Would you restate every entry that follows, word for word, and leave out the pictures?

Available data:
**********
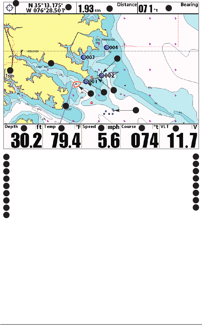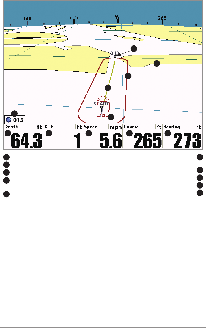 submerged structure. With Waypoint Targets, a quick look at the screen lets you know how far off the
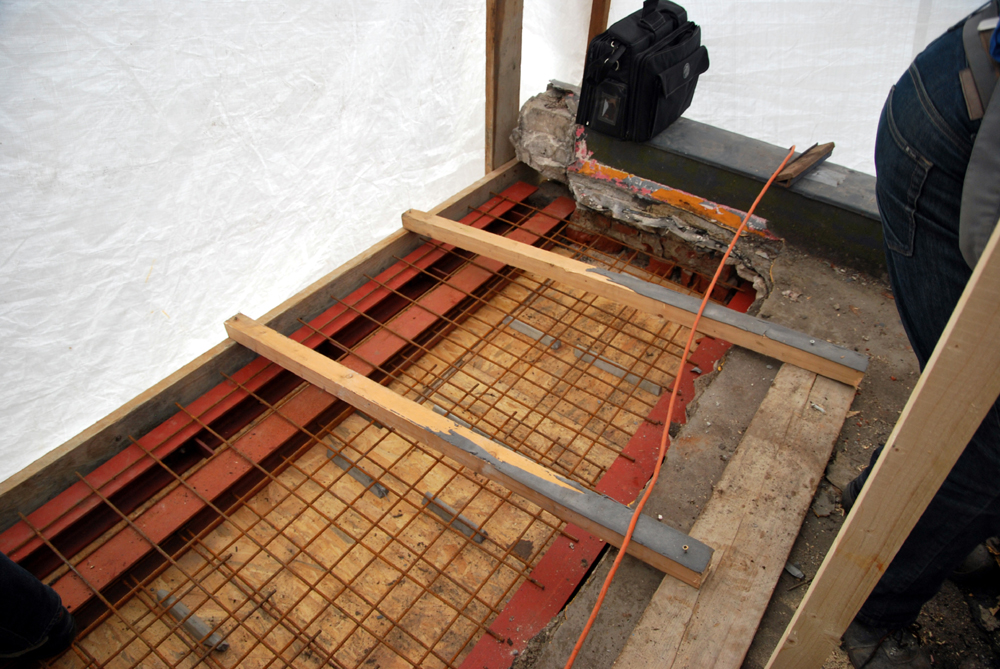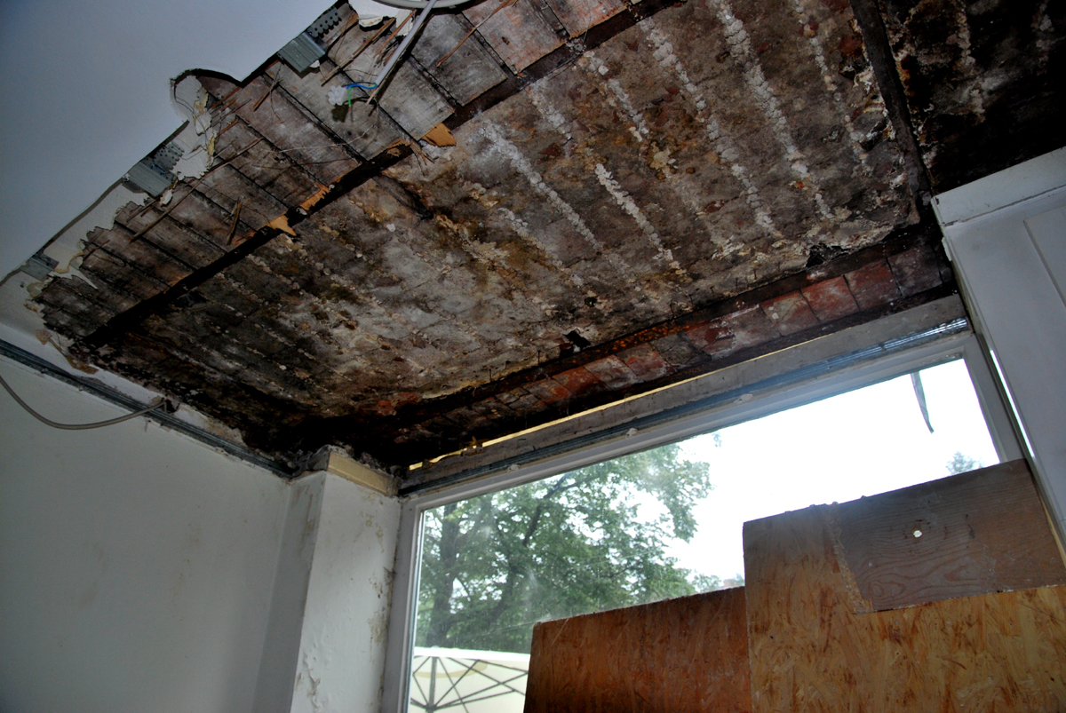 Während mehrerer Ortstermine wurde festgestellt, dass Teile der Gesims- und Deckenkonstruktionen des erdgeschossigen Vorbaus aufgrund einer Leckage durch Feuchte geschädigt und abgängig sind. Die Decke über dem Erdgeschoss war in diesem Bereich als Stahlsteindecke ausgebildet. Die betroffenen Bauteile wurden zurückgebaut und durch eine neue massive Deckenkonstruktion mit Dämmung und Abdichtungsebene ersetzt. Außerdem wurde eine neue Geländerkonstruktion für die Dachterrasse im Obergeschoss eingebaut.
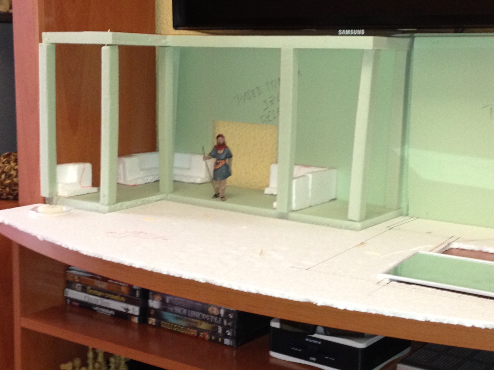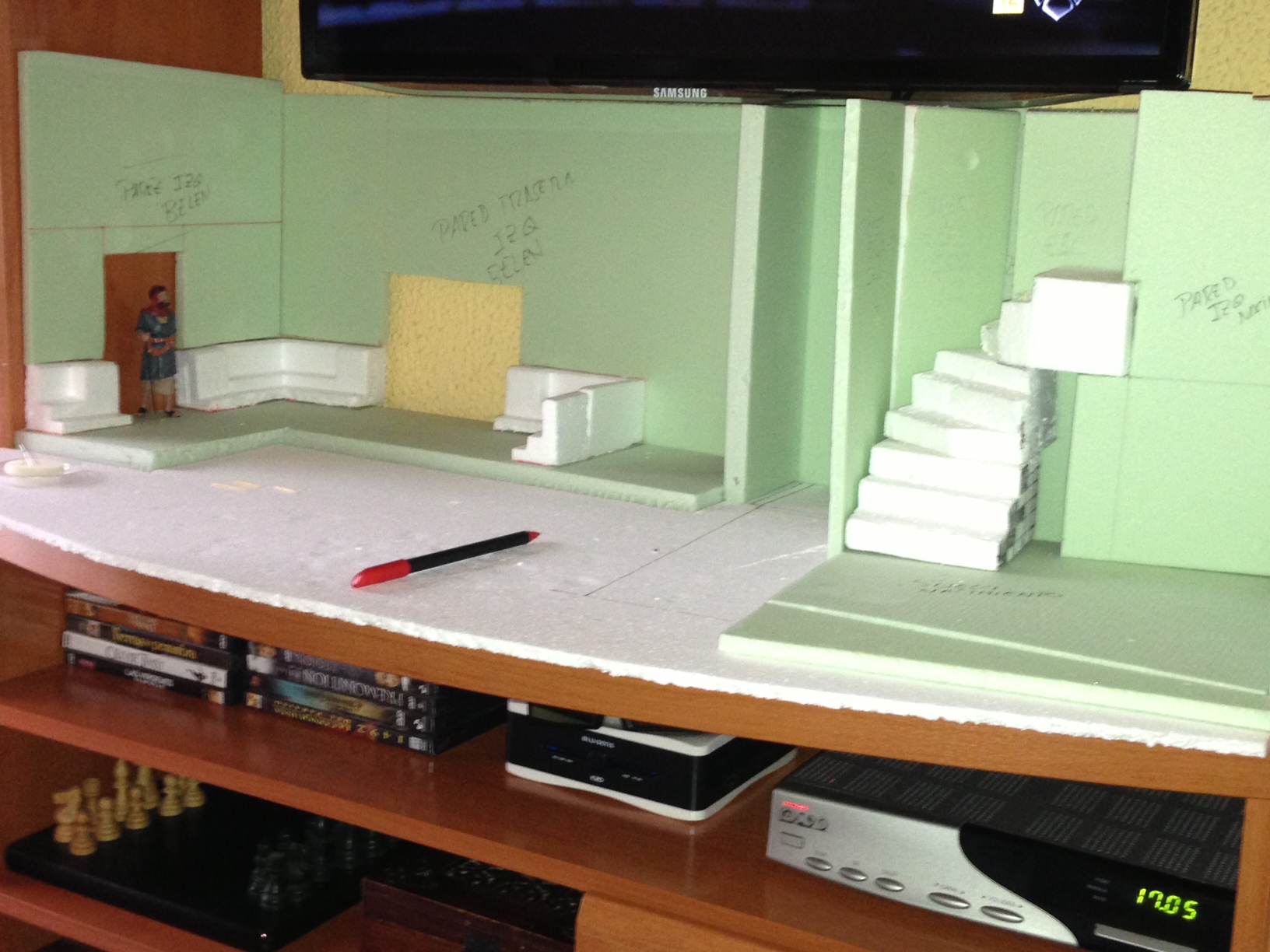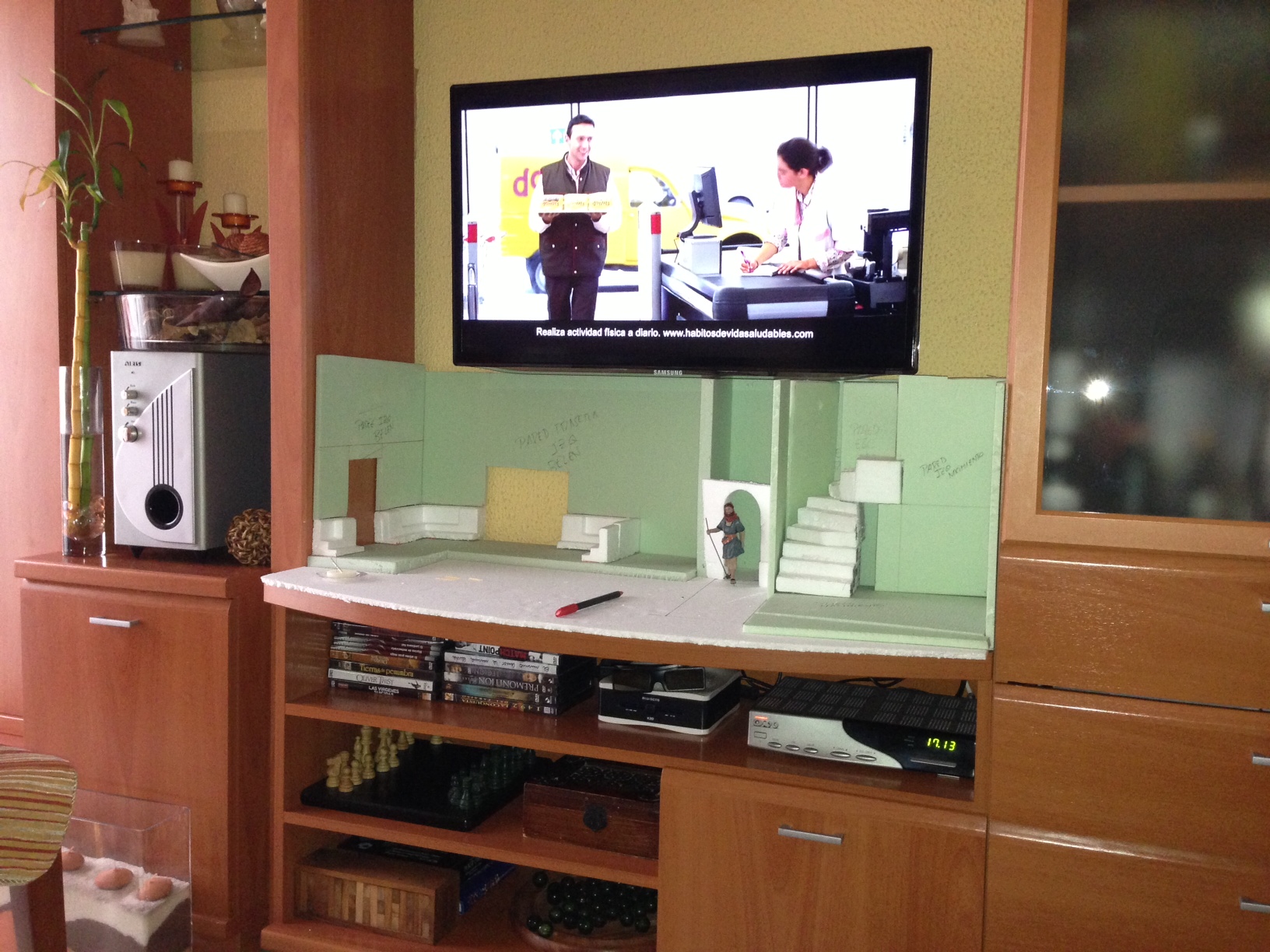 Pues lo dicho en el titulo, en este mueble y con estas medidas he de montar mi belén del 2013, se agradecerian sugerencias antes de empezar, lo que si tengo claro es que no puedo hacer un diorama ya que está a una altura de 60cm del suelo y con una televisión en la pared central encima ( quedaría muy encerrado y feo ).
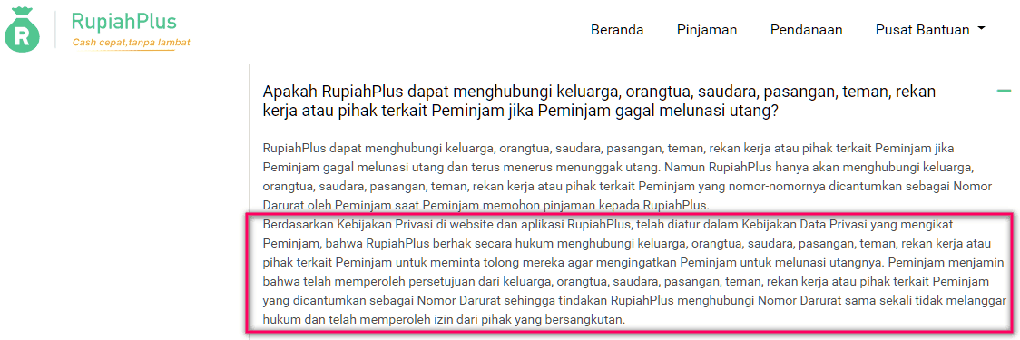 (1) Penggunaan data kontak untuk kepentingan pinjaman online sudah disetujui nasabah saat mengajukan kredit online. Tepatnya saat nasabah mengunduh aplikasi pinjaman. Logikanya, jika nasabah tidak setuju dengan ketentuan ini, sebaiknya jangan mengunduh atau mengajukan pinjaman. Dalam penjelasan di website, perusahaan pinjaman online menjelaskan kenapa mereka berhak menghubungi nomer kontak peminjam untuk keperluan penagihan (lihat print-screen terlampir).
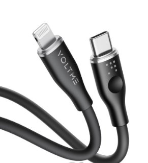 فولتمي - كابل باور لينك السيليكون تايب سي إلى لايتينيغ 3A / 1.2M موصل من سبائك الزنك / أسود
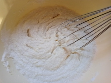 Добавьте разбухшую манную крупу, разрыхлитель и соль. Снова все взбейте до однородности. Мука в этом тесте не нужна. Но если тесто получается слишком жидкое, можно добавить 1-2 ст. л. без горки просеянной муки. Она заберет лишнюю влагу.
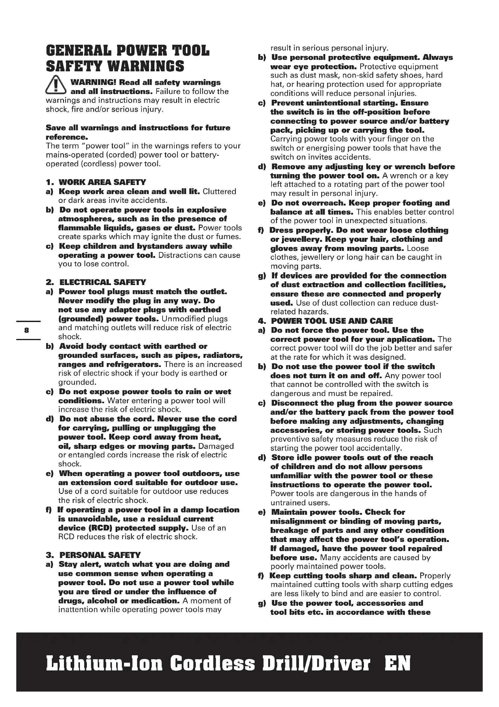 a) Do not force the power tool. Use the correct power tool for your application. The correct power tool will do the job better and safer at the rate for which it was designed. b) Do not use the power tool if the switch does not turn it on and off. Any power tool that cannot be controlled with the switch is dangerous and must be repaired. c) Disconnect the plug from the power source and/or the battery pack from the power tool before making any adjustments, changing accessories, or storing power tools. Such preventive safety measures reduce the risk of starting the power tool accidentally. d) Store idle power tools out of the reach of children and do not allow persons unfamiliar with the power tool or these instructions to operate the power tool. Power tools are dangerous in the hands of untrained users. e) Maintain power tools. Check for misalignment or binding of moving parts, breakage of parts and any other condition that may affect the power tool’s operation. If damaged, have the power tool repaired before use. Many accidents are caused by poorly maintained power tools. f) Keep cutting tools sharp and clean. Properly maintained cutting tools with sharp cutting edges are less likely to bind and are easier to control. g) Use the power tool, accessories and tool bits etc. in accordance with these9 Lithium-Ion Cordless Drill/Driver EN instructions, taking into account the working conditions and the work to be performed. Use of the power tool for operations different from those intended could result in a hazardous situation.
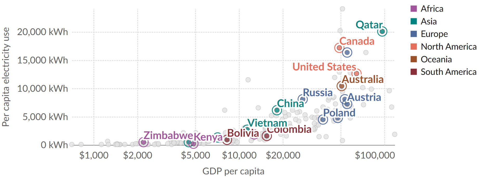 It is safe to say that being a developed nation is strongly correlated with a high energy usage. This is clearly visible if we chart per capita electricity generation in kilowatt-hours (kWh) against a nation’s gross domestic product (GDP).
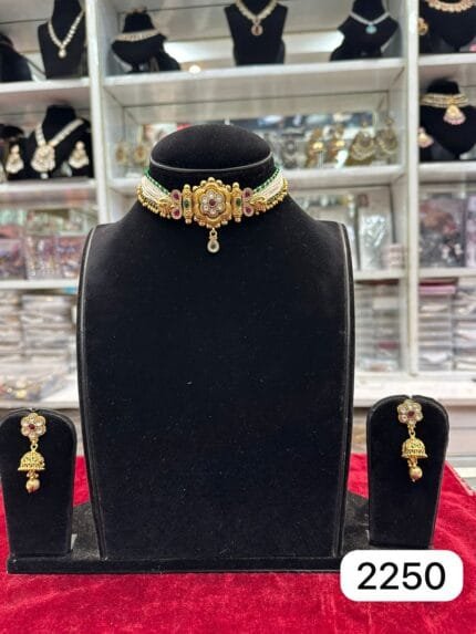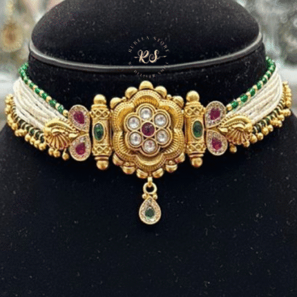 Bring elegance to your style with the Real Look Green Mala Set from Rubela Store. Designed with premium quality finish, this set looks like real gold jewellery. Perfect for weddings, parties, and festive wear. Affordable, classy, and a must-have addition to your collection.
**********
Answer for this exercise:
 submerged structure. With Waypoint Targets, a quick look at the screen lets you know how far off the
 Während mehrerer Ortstermine wurde festgestellt, dass Teile der Gesims- und Deckenkonstruktionen des erdgeschossigen Vorbaus aufgrund einer Leckage durch Feuchte geschädigt und abgängig sind. Die Decke über dem Erdgeschoss war in diesem Bereich als Stahlsteindecke ausgebildet. Die betroffenen Bauteile wurden zurückgebaut und durch eine neue massive Deckenkonstruktion mit Dämmung und Abdichtungsebene ersetzt. Außerdem wurde eine neue Geländerkonstruktion für die Dachterrasse im Obergeschoss eingebaut.
 Pues lo dicho en el titulo, en este mueble y con estas medidas he de montar mi belén del 2013, se agradecerian sugerencias antes de empezar, lo que si tengo claro es que no puedo hacer un diorama ya que está a una altura de 60cm del suelo y con una televisión en la pared central encima ( quedaría muy encerrado y feo ).
 (1) Penggunaan data kontak untuk kepentingan pinjaman online sudah disetujui nasabah saat mengajukan kredit online. Tepatnya saat nasabah mengunduh aplikasi pinjaman. Logikanya, jika nasabah tidak setuju dengan ketentuan ini, sebaiknya jangan mengunduh atau mengajukan pinjaman. Dalam penjelasan di website, perusahaan pinjaman online menjelaskan kenapa mereka berhak menghubungi nomer kontak peminjam untuk keperluan penagihan (lihat print-screen terlampir).
 فولتمي - كابل باور لينك السيليكون تايب سي إلى لايتينيغ 3A / 1.2M موصل من سبائك الزنك / أسود
 Добавьте разбухшую манную крупу, разрыхлитель и соль. Снова все взбейте до однородности. Мука в этом тесте не нужна. Но если тесто получается слишком жидкое, можно добавить 1-2 ст. л. без горки просеянной муки. Она заберет лишнюю влагу.
 a) Do not force the power tool. Use the correct power tool for your application. The correct power tool will do the job better and safer at the rate for which it was designed. b) Do not use the power tool if the switch does not turn it on and off. Any power tool that cannot be controlled with the switch is dangerous and must be repaired. c) Disconnect the plug from the power source and/or the battery pack from the power tool before making any adjustments, changing accessories, or storing power tools. Such preventive safety measures reduce the risk of starting the power tool accidentally. d) Store idle power tools out of the reach of children and do not allow persons unfamiliar with the power tool or these instructions to operate the power tool. Power tools are dangerous in the hands of untrained users. e) Maintain power tools. Check for misalignment or binding of moving parts, breakage of parts and any other condition that may affect the power tool’s operation. If damaged, have the power tool repaired before use. Many accidents are caused by poorly maintained power tools. f) Keep cutting tools sharp and clean. Properly maintained cutting tools with sharp cutting edges are less likely to bind and are easier to control. g) Use the power tool, accessories and tool bits etc. in accordance with these9 Lithium-Ion Cordless Drill/Driver EN instructions, taking into account the working conditions and the work to be performed. Use of the power tool for operations different from those intended could result in a hazardous situation.
 It is safe to say that being a developed nation is strongly correlated with a high energy usage. This is clearly visible if we chart per capita electricity generation in kilowatt-hours (kWh) against a nation’s gross domestic product (GDP).
 Bring elegance to your style with the Real Look Green Mala Set from Rubela Store. Designed with premium quality finish, this set looks like real gold jewellery. Perfect for weddings, parties, and festive wear. Affordable, classy, and a must-have addition to your collection.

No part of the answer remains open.